Громкий стук в дверь вырывает меня из водоворота мыслей.
– Эй, ты живешь здесь не одна, быстрее выходи и оставь мне горячую воду, достала…
Я не отвечаю. Отчим начинает барабанить в дверь.
– Слышишь, ты, а ну вышла сейчас же. Если через пять минут ванная не будет свободной, я, на хрен, вынесу дверь, ты меня поняла?
Я молча выключаю воду. Беру полотенце, вытираю разгоряченную кожу. Нет смысла говорить, что я только зашла. Нет смысла вникать в его слова и пускать их себе в душу. Но почему они ранят меня? Почему нельзя выработать иммунитет к грубости? Одеваюсь в домашние шорты и майку и иду в свою комнату, закрываю дверь на защелку. На часах 23:56. На дворе весна, но она очень холодная и серая. И прямо сейчас сильный ливень барабанит по крышам ночного Парижа. Я открываю окно, и в комнату врывается ветер со свежим запахом дождя. Ложусь прямо на пол у окна и слушаю шум падающих капель. И мне интересно, бывает ли им больно, когда они разбиваются о землю? Стоит ли их полет того, чтобы в конечном итоге превратиться в лужу, которая высохнет с приходом солнца?
Закрываю глаза и вспоминаю. Однажды я задала тот же вопрос Мике. И он ответил, что это похоже на жизнь. Мы летаем, мы живем, но каждого ждет конец, просто мы об этом не думаем – или думаем, но не так уж часто. И разве мы боимся жить, потому что крушение в конечном итоге неизбежно? Напротив, мы жаждем как можно больше жизни, и так же, наверное, капли мечтают о полете, представляют его и ждут с нетерпением. Помню, я рассказала Микаэлю о том, что случилось со мной четырнадцатого февраля и как это изменило мою жизнь. Он сказал, что тому ублюдку нужно переломать все кости, и мне стало так приятно, что хоть кто-то не считает его героем, добившимся своей цели! На это Мика предположил, что в моем окружении, очевидно, нет нормальных парней. Я ответила, что в данный момент в моем окружении нет абсолютно никого. И он сказал мне, что у меня есть он.

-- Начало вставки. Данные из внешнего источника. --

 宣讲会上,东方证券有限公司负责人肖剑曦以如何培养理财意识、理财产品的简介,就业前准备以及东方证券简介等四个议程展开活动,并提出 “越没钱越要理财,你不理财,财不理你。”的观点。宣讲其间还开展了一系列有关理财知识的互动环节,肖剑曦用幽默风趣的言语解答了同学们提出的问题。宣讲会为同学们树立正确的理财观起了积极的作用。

И я поверила. Он был со мной каждый день, практически каждую минуту, нон-стоп в течение целого года. Его шутки, его мысли, его философия. Помню, однажды он сказал, что мечтает оказаться со мной в Париже. И мы стали писать друг другу о своих мечтах. Да, так бывает, когда два одиночества находят друг друга. Мы писали всякие мелочи: что бы мы делали, где гуляли, что ели, как держались бы за руки и целовались. Мы создали свой мир. Наш мир, который принадлежал только Мике и Леа, и никому больше. И вдруг в один день все прекратилось. Ни сообщений, ни шуток, ни даже банального «прощай». Я так дико скучаю по нему! Мне так сильно не хватает его сообщений со словами «доброе утро», «спокойной ночи», «целую тебя». Того, с чем я жила на протяжении года. Я слушаю шум дождя, и мне хочется свернуться калачиком и заплакать. Но вместо этого я сосредотачиваюсь на дожде. На его шуме. Полностью погружаюсь в звук ветра и капель. Отключаю голову, и нет ничего в этом мире для меня в это мгновение. Этому тоже научил меня Мика.

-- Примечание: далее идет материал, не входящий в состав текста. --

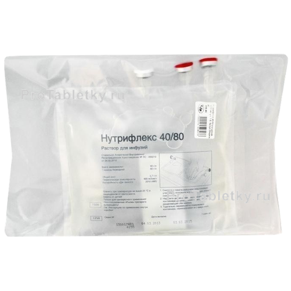 Нутрифлекс 40/80 представляет собой двухкамерный мешок, отделения которого разделены специальным швом. Одна камера заполнена раствором аминокислот и электролитов, а другая - раствором глюкозы и электролитов.

Я вижу, как он идет. Он выше меня на голову. Черная футболка с длинными рукавами подчеркивает его красивые предплечья. Длинные волосы собраны в хвост. Он остановился на перекрестке, будто в ожидании кого-то, вглядывается в лица прохожих. Достает из кармана джинсов пачку сигарет и медленно закуривает, втягивая и выпуская дым. Я затаиваю дыхание. Он поворачивает голову, и я вижу его лицо. Черные глубокие глаза задумчивы. Он прикусывает губу и очередной раз затягивается. Я стою на месте не шевелясь. Слежу за каждым его движением. На его руке поблескивает кольцо, а запястье перевязано. Он оглядывается в мою сторону и, поймав мой взгляд, смотрит сквозь меня. Будто я пустое место и меня тут нет. Просто нет. Я невидимка.

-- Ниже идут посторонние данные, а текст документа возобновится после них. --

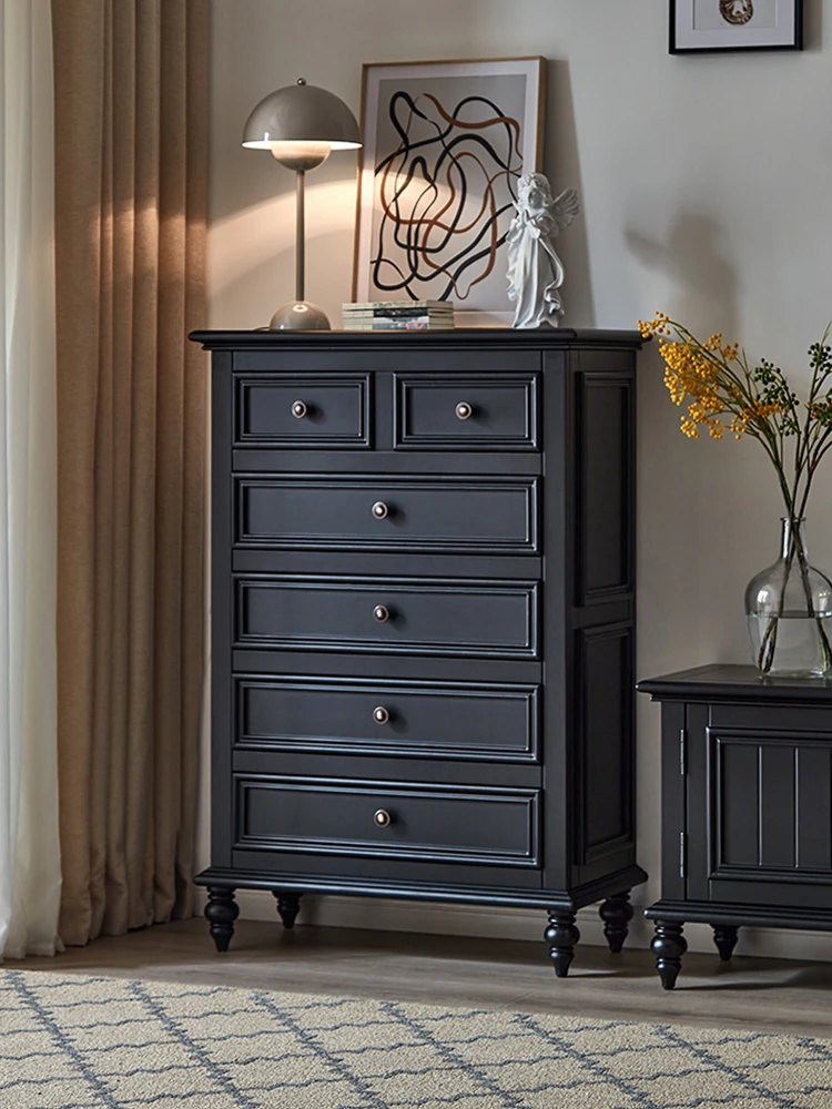 Modern American Solid Wood 6-Drawer Storage Cabinet – Stylish Black Entryway Organizer for Small Spaces, Perfect for Bedroom and Home Use

Он затягивается последний раз, выкидывает окурок в урну. Слегка нахмурившись, поворачивает направо и исчезает за углом. Он не узнал меня. Не смутился, не спрятался – просто не узнал. Посмотрел как на незнакомого человека и пошел дальше. Что-то сломалось внутри меня в этот момент. С хрустом надломилось и рассыпалось в щепки. Я все еще стояла не шевелясь в надежде, что он вернется и позовет меня по имени.
…Утром меня будит шум машин. Я открываю глаза и вижу до боли знакомые серые тучи, серые крыши и серых людей, которые кажутся такими маленькими там, вдали, и их спешка выглядит такой нелепой. Весь пол вокруг меня мокрый, майка и шорты тоже промокли насквозь. Тихий стук. Запутанные мысли. Это был сон? Стук повторяется, в этот раз настойчивее.
– Леа, ты проснулась? – доносится до меня голос мамы.
Да, я спала. Мне снился сон. Такой реальный, что по коже бегут мурашки.
Я поднимаюсь и направляюсь к двери. Трясусь от холода или от шока. Мысленно благодарю Бога за весенние каникулы. Открываю дверь. Мама осматривает меня, качает головой.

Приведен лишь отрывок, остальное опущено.